* [Instructions to follow] Go through the listing below and retype exactly the lines starting at the one with "Plus Size Colorblock" and ending at the one with "本セミナーでは、実際に弊社の", skipping pictures.

* [Extracted records]
▼▼▼
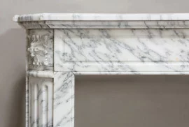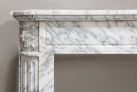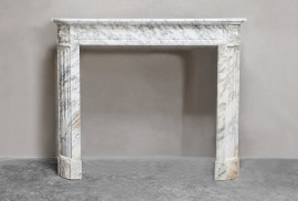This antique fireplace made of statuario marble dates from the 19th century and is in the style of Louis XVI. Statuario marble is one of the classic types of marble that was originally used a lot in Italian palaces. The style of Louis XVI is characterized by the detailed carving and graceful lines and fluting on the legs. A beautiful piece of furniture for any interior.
▲▲▲
▼▼▼
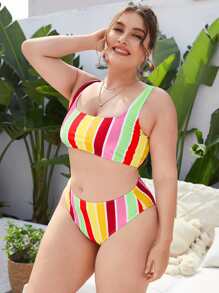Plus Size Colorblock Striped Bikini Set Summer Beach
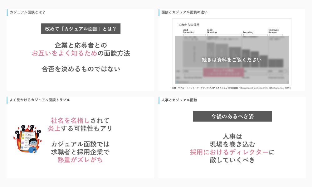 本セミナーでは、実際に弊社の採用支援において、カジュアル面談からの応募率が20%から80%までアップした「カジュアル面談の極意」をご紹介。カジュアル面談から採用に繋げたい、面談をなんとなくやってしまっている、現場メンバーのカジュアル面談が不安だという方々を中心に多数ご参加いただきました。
▲▲▲
* [Written answer]
Plus Size Colorblock Striped Bikini Set Summer Beach
 本セミナーでは、実際に弊社の採用支援において、カジュアル面談からの応募率が20%から80%までアップした「カジュアル面談の極意」をご紹介。カジュアル面談から採用に繋げたい、面談をなんとなくやってしまっている、現場メンバーのカジュアル面談が不安だという方々を中心に多数ご参加いただきました。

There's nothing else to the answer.